Introduction

The COSMOROE Search Engine is a text-based search engine for multimedia documents. It has been designed as a support tool for COSMOROE (CrOSs-Media inteRactiOn rElations), a framework for modelling multimedia dialectics, i.e. the semantic interplay between images, language and body movements. COSMOROE defines a number of semantic relations between different modalities, for formulating multimedia messages (see Figure 1 and more details in papers in the Documentation section).

COSMOROE relations
Figure 1: The COSMOROE relations

Currently, the COSMOROE Search Engine indexes and retrieves audiovisual information from files that have been annotated manually. Their annotation comprises: speech transcription, optical character recognition (e.g. for subtitles, scene text, graphic text), identification of visual objects of interest, identification of body movements and gestures of interest, labelling/tagging of visual elements, and labelled association of language and visual elements.
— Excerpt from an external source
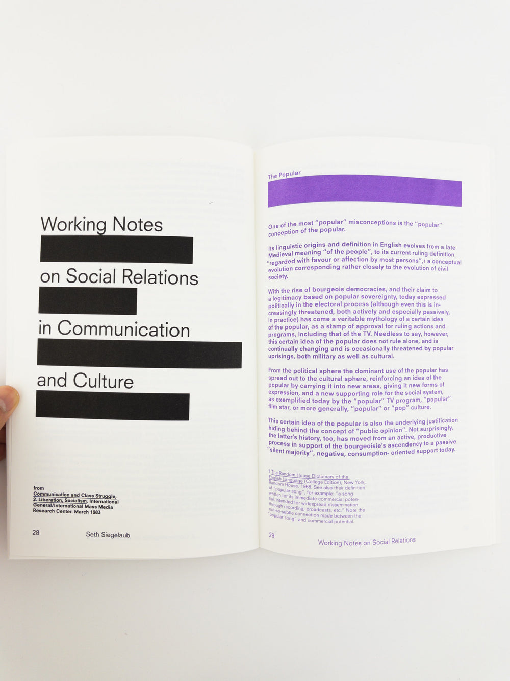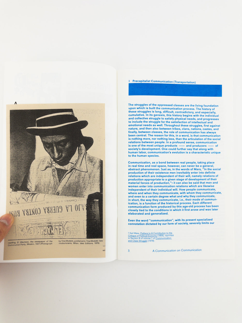 This small pamphlet aims to recirculate the two prefaces from Seth Siegelaub’s epic and out-of-print anti-capitalist anthologies Communication and Class Struggle. The texts reprinted here make timely interventions into a theory of communication and should be read again today for a number of reasons, not least for the indirect illumination they might cast on the algorithmic domination of our own late capitalist moment, in which forms of electronic media appear both utterly obscure in their relation to contents of political struggle, as well as unbreakably monopolistic.

However, the ultimate objective is to use this search engine with data that will be augmented with such metadata automatically.

The engine allows one to:

The former functionality targets the general users, while the latter is addressed to people with a special interest in multimedia semantics and/or multimedia system development.

In both cases, functionalities related to sorting of results, presentation of results to the user and exploration of the contents of the underlying database, in the form of quantified profiles of the data, are provided.

The following sections, provide more details on all these aspects of the system.

Back To Top

Simple Search

From the "Simple Search" page the user can type the query of interest, in a straightforward manner, like in any text-based search engine. The keyword or keywords entered are searched among the multimedia files stored in a database. Figure 2 presents a simple example of keyword search. (For more information about keyword typing methods see Section Typing Conventions).

Simple Search
Figure 2: Simple search page

The meaning of the query is, as expected: Search for multimedia files that contain the word play, in the transcribed text or in the labelled visual content.

Also, as the user starts typing a search word, a list of the matching terms currently found on the database, is shown below the input field, as shown in Figure 3. Multiple search terms can be selected by clicking on each of them.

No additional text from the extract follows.